How many grams of sodium hydroxide are needed to completely neutralize 25.0 grams of sulfuric acid?

Jun 8, 2016

$20.4 g$ $N a O H$

Explanation:

A Neutralization reaction occurs when a strong acid reacts with a strong base to produce water and a salt (ionic compound).
In our case, sulfuric acid (strong acid) will react with sodium hydroxide (strong base) to form water and sodium sulfate:

${H}_{2} S {O}_{4} + 2 N a O H \rightarrow N {a}_{2} S {O}_{4} + 2 {H}_{2} O$

We start with the units that we want to end up with and we set that equal to our given value, which will be multiplied by a conversion factor (the molar ratio from the balanced chemical equation).
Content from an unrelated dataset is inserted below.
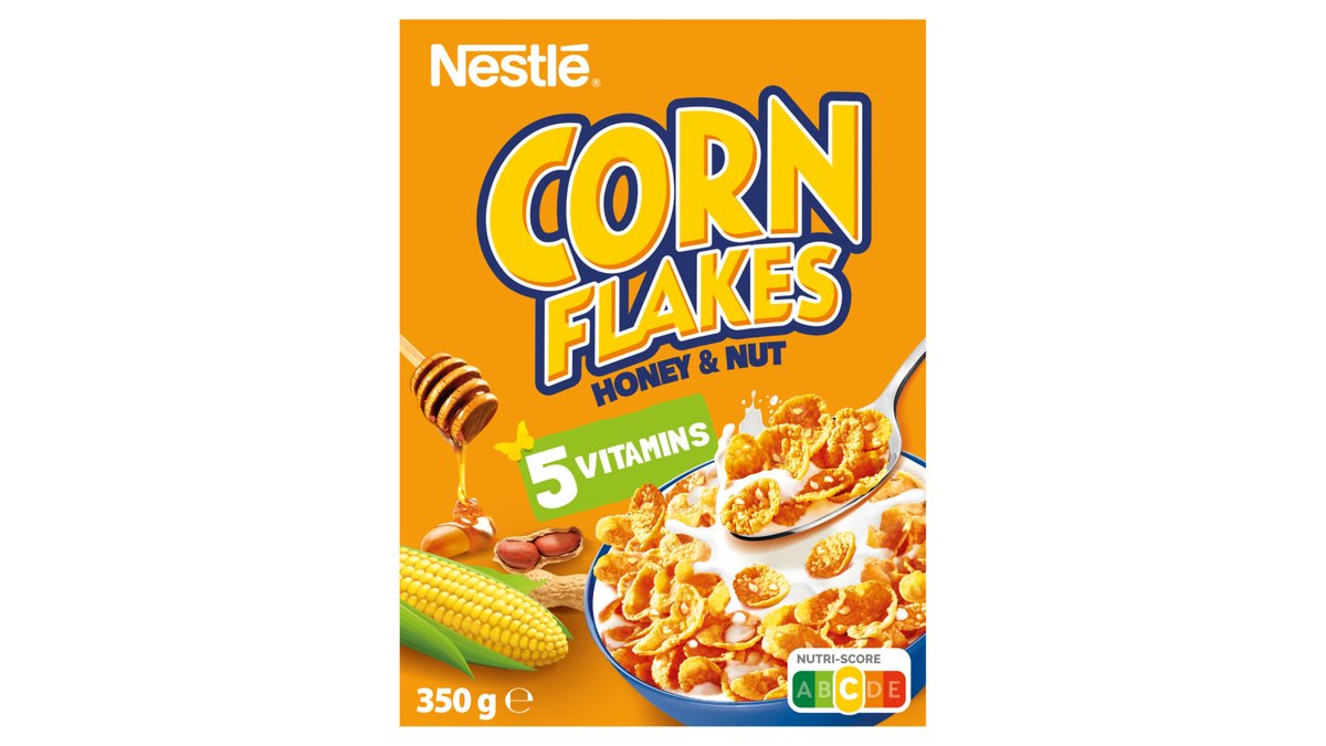 Kukurūzų pusryčių dribsniai su medumi, žemės riešutais ir vitaminais NESTLE HONEY & NUT, be glitimo, 350 g

The $98.08 \frac{g}{m o l}$ represents the molar mass of sulfuric acid and the $40.0 \frac{g}{m o l}$ is the molar mass of sodium hydroxide.

So, what we have is:

$g N a O H$ = $25.0 g {H}_{2} S {O}_{4} \times \frac{1 m o l {H}_{2} S {O}_{4}}{98.08 g {H}_{2} S {O}_{4}} \times \frac{2 m o l N a O H}{1 m o l {H}_{2} S {O}_{4}} \times \frac{40.0 g N a O H}{1 m o l N a O H}$ $=$ $20.4 g$ $N a O H$